Xavier Sabata rayonne en Rinaldo au Théâtre des Champs-Élysées
Proposé en version concert au Théâtre des Champs-Élysées, Rinaldo de Haendel est ici dépouillé de toute machinerie composant son extravagante et fastueuse mise en scène initiale (avec des oiseaux vivants dans les jardins d’Armide) puis ses variations modernes (fantasmagoriques à Nantes et à Compiègne cette saison). Les voix portent ainsi seules l’édifice de cet ouvrage à la partition redoutable pour chaque interprète. Le rôle-titre revient à Xavier Sabata, héros croisé dévoué pour sa fiancée Almirena (Sandrine Piau) soutenu par Goffredo et son frère Eustazio (Jason Bridges) contre Argante (Christopher Lowrey), Roi de Jérusalem, et contre la magicienne et Reine de Damas Armida (Ève-Maud Hubeaux). À leurs côtés, Tomislav Lavoie endosse le rôle du Mage, Santiago Garzon-Arredondo celui d’Araldo alors qu’Anastasia Terranova prête sa voix aux envoûtantes sirènes. L’ensemble est de haut vol, les solistes transcendant les difficultés techniques de l’ouvrage pour proposer une interprétation marquante soutenue par un Orchestre de Chambre de Bâle plein de fraîcheur dirigé depuis le clavecin de Christophe Rousset.
Xavier Sabata est un Rinaldo flamboyant, habile dans l’expression des différents états d'âme du personnage, soutenu par un jeu d’acteur d’une belle intensité et par un appréciable détachement de la partition. Dans l’aria "Ogni indugio d'un amante", le contre-ténor ne fait qu’une bouchée des vocalises et des phrases rapides tout en conservant une heureuse conduite de la voix. Amant dévoué, le chanteur offre un "Cara Sposa" d’une grande expressivité, cherchant son aimée dans le public ("Dove sei ?") et décrochant en des phrases lentes très legati des notes soignées s’atténuant dans des mediums couverts et résignés.
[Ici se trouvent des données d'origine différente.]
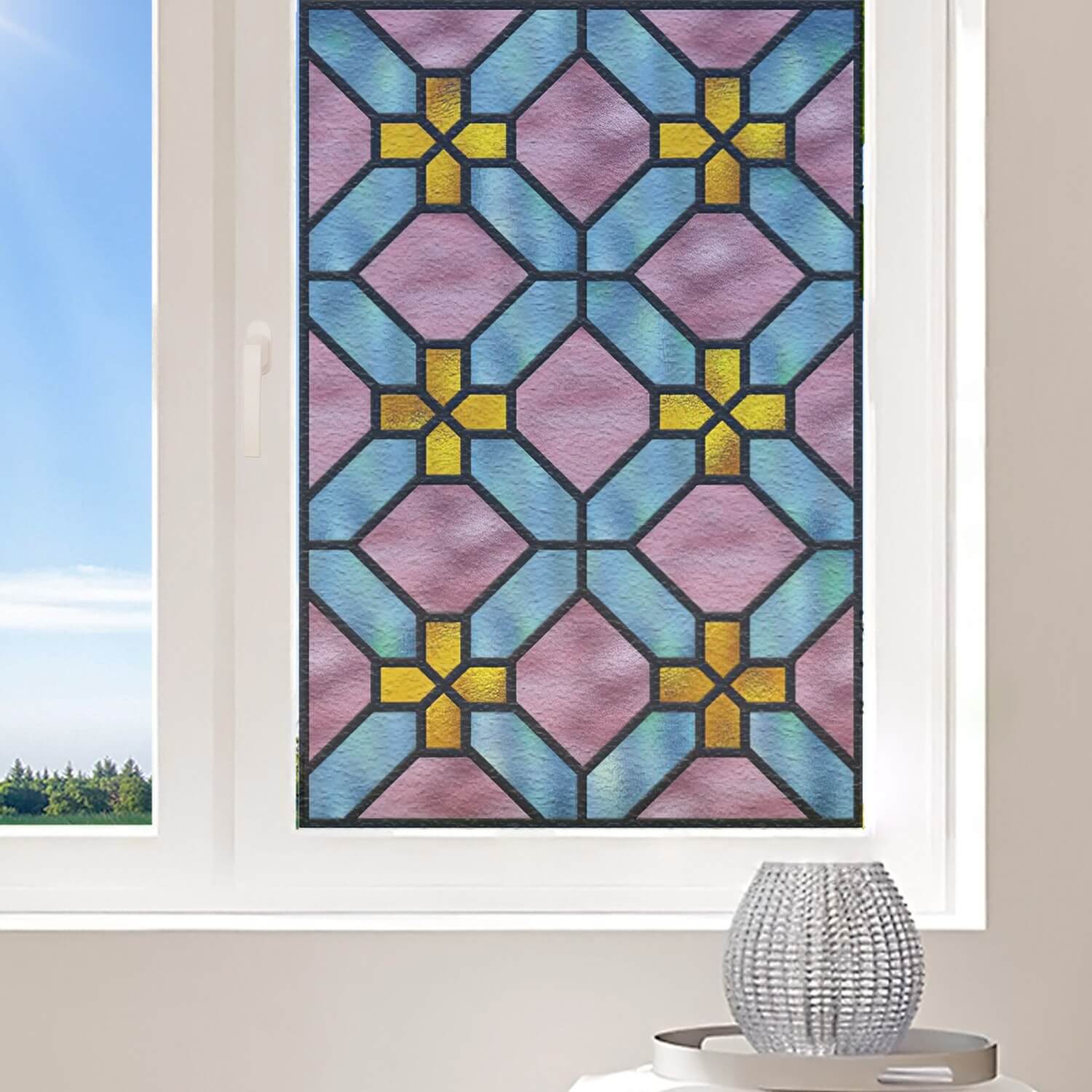 Film électrostatique effet vitrail - croisillons bleus - jaunes et violets

Au lamento répond la vaillance d'un "Il tricerbero umiliato" soutenu à l’unisson par l’effectif des cordes puis la fureur du "Venti, turbini, prestate" incarné en une voix tourbillonnante, ouvrant les mélismes sur des notes résolues.
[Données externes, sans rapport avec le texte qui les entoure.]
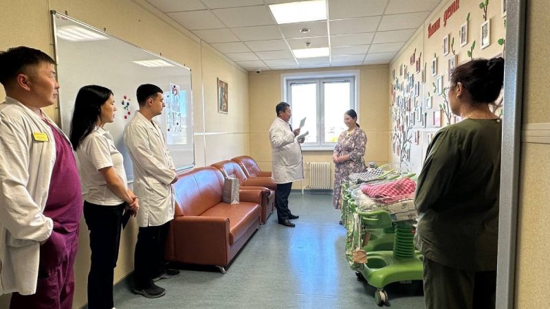 Крох и счастливых родителей поздравил главный врач РПЦ Зорикто Даржаев – он вручил семье памятные подарки.
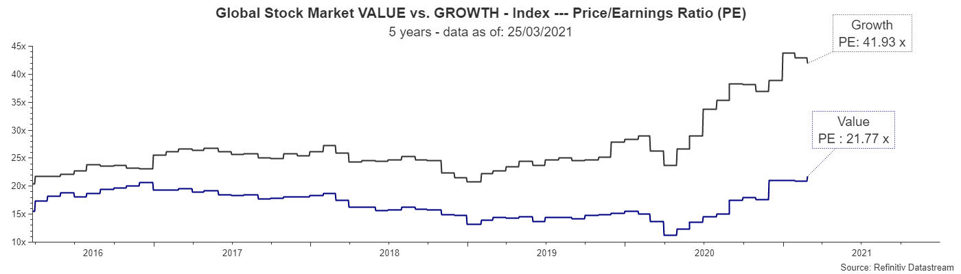 Chart 2: Global equity market Value vs. Growth PER 5Y, Source: Refinitiv Datastream, data as of 25 March 2021

À ses côtés, Jason Bridges porte Goffredo et Eustazio d’une voix de caractère au timbre d’airain seyant convenablement à ces deux personnages. Dans la rapide aria "Sulla ruota di fortuna", s’accrochant à son pupitre lors de longues et redoutables vocalises, l’interprète appuie son propos avec le corps, perdant légèrement en souplesse. Vaillant et fidèle soutien du héros ("Ti consola, geerman, Rinaldo, spera !"), il montre une diction agréable, en particulier dans les passages a tempo plus modérés ("Mio cor, che mi sai dir ?"). Christopher Lowrey offre un Argante à la voix claire et légère, embrassant les lignes les plus écrites avec aisance et élégance. Bien en place rythmiquement, il délivre les passages agités avec un beau grain de voix. Offrant de savoureux récitatifs où sa passion naissante envers Almirena se dévoile d’une voix épanchée ("Tu, del mio cor reina"), il retrouve finalement Armida en des lignes soyeuses ("Dunque mi sia concesso"). Pour lutter contre les sorts de cette dernière, le Mage, incarné par Tomislav Lavoie, est porté par une heureuse prestance scénique et par une voix ample et juste. Dans son unique aria "Andate o forti", il montre des médiums chantants et des vocalises aux notes légèrement appuyées.
Fiancée de Rinaldo, Almirena est incarnée par une Sandrine Piau bouleversante. Voix ondulée d’une grande souplesse au timbre velouté, dessinant dans l’espace les lignes les plus rapides par de légers mouvements de la main, elle déploie trilles flûtées et staccati bien détachés. Très vibrée et ample dans la méditation sur ses tourments ("Armida, dispietata!"), la voix se fait délicate et légère dans l’évocation du zéphyr ("Augelletti") puis d’une dignité belle dans l’éternel "Lascia ch'io pianga" (les "libertà" livides), offrant lors de la reprise de généreuses ornementations légèrement appuyées sur les temps et pleines de grâce. Vêtue d’une longue robe noire scintillante, Ève-Maud Hubeaux incarne admirablement Armida, dont elle sait montrer toute la formidable fureur. La mezzo donne la tonalité dès son entrée en scène par un "Furie" pris au fond de la gorge et puissamment timbré, suivi de médiums corsés et de vocalises redoutables dont elle fait fi comme par un coup de baguette magique. Sa modulation de timbre est des plus exquises lorsque, soudainement éprise de Rinaldo, elle délivre des aigus laineux s’achevant dans un soupir ("T’amo, oh caro"). Éconduite par le héros, s’ensuit un duetto ("Fermati !" avec Rinaldo) plein de saveur offrant un alliage de choix des deux timbres. La voix d’Anastasia Terranova se prête à merveille à celle des Sirènes, expression d’un ailleurs ("Il vostro maggio"). Légère, très ondulée, presque fluette parfois, elle dévoile des aigus caressants rappelant les ondines.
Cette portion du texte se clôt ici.